Who helped you refine the skills? 

"I would go to Saskatoon, because in P.A. they close the ice up in the summer. I skated with [power skating instructor] Jordan Trach and his group. I'd be ​with guys from Saskatoon like [Connor] Zary and [Adam] Beckman who are offensive guys so I'd have some good teaching and competition."

How did new head coach Dave Lowry influence your game this season in Brandon? 

"He helped me grow a lot as a person as well as a player. He put a lot of responsibility on me and it helped me mature my game. He put more of a pro mentality into my head."

Can you give us an example of how he instilled that pro mentality? 

"He put responsibility on me and the rest of our older guys in the leadership group to take the reins a little more. He put the team in our hands. He said, 'It's your team as much as it is my team and I want you guys to be the voices and the people our younger guys look up to.' So, putting that standard on us and having us mature that way was huge."

What are you most proud of about your season? 

"There were a lot of proud moments, including being able to play for the WHL in the Russia series and having career-high numbers, but the thing I was most proud of was our team as a whole and the development of us as a group. I was happy with how we pulled together in the second half of the year and how we were coming together. It was sad how it ended, but I'm proud of how we grew."

You missed out on last year's draft by five days so you may be a little more developed than some of your peers, did that help you this season?

"Yep, for sure. I mean you would've liked to maybe have gone [to the draft] a little earlier, but for me as a player that extra year helped for my development and confidence."

Button projected the 2021 World Junior team this week and has you in the top four for Canada. What would that mean to you? 

"To play at the World Juniors in Edmonton would be something else. I may be 'projected' but the work still needs to be put in for that chance. But, it'd be pretty cool. I have a lot of family, as well, in Alberta so I'm sure if the chance came it'd be a big outing for them."  

What did you take from being at Hockey Canada's selection camp in December? 

"It was tough getting that close and not making the squad, but there's not much you can do. They went over there with a good team and came home with gold so they made the right decision. All I could take away from the camp was the experience and the positive outlook that I have a chance again next year. I was proud and grateful for the chance." 

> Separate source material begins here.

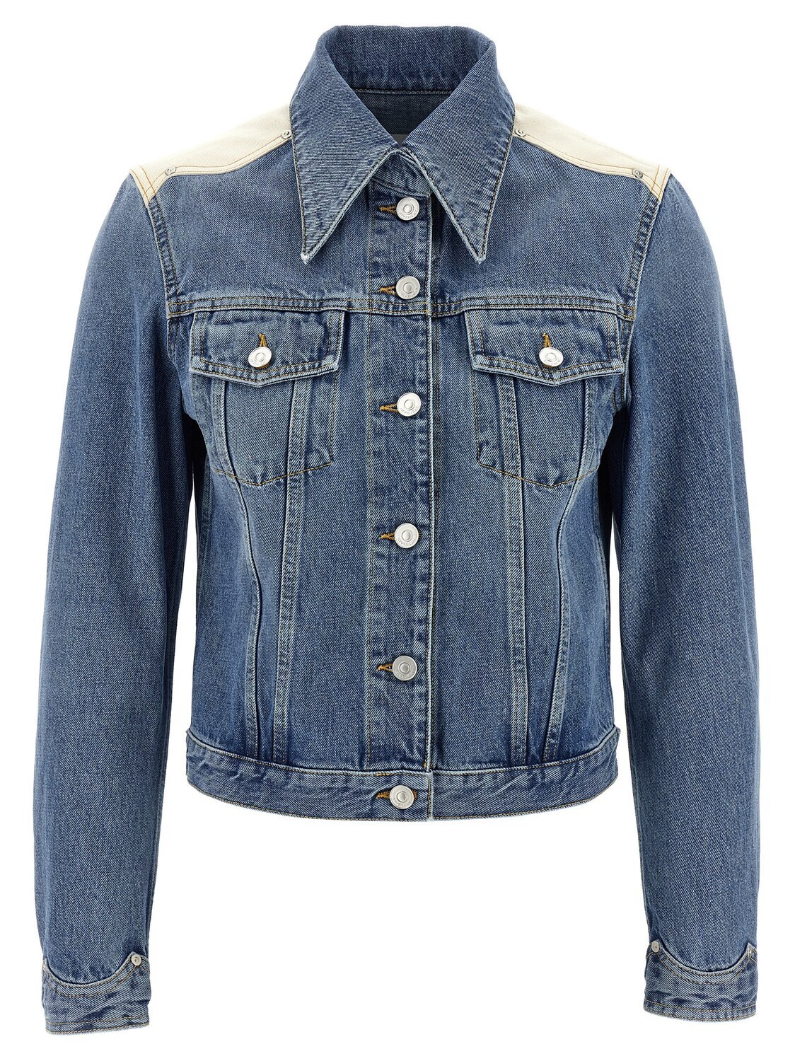 Джинсовая куртка из хлопка с верхней отделкой из канвы, застежкой на пуговицы спереди, карманами, длинными рукавами с манжетами.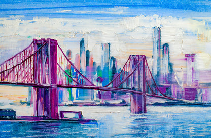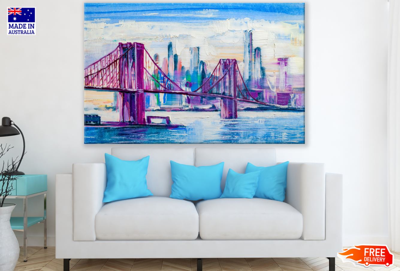 Colorful City Bridge Oil Painting Print 100% Australian Made

What do you think of the WHL talking about a return-to-play plan this week? 

"It makes me excited, because our team last year was really coming on at the end and we have a lot of the same guys coming back so the idea we'll get another year to play together is exciting. I'm jacked that it's in motion."

How concerned were you about next season being impacted by the pandemic? 

"I wondered, but I always stayed optimistic. I've always hoped it would come, but I didn't want to think about it too much just in case it didn't.​ I’m glad to see there's a plan to get it going."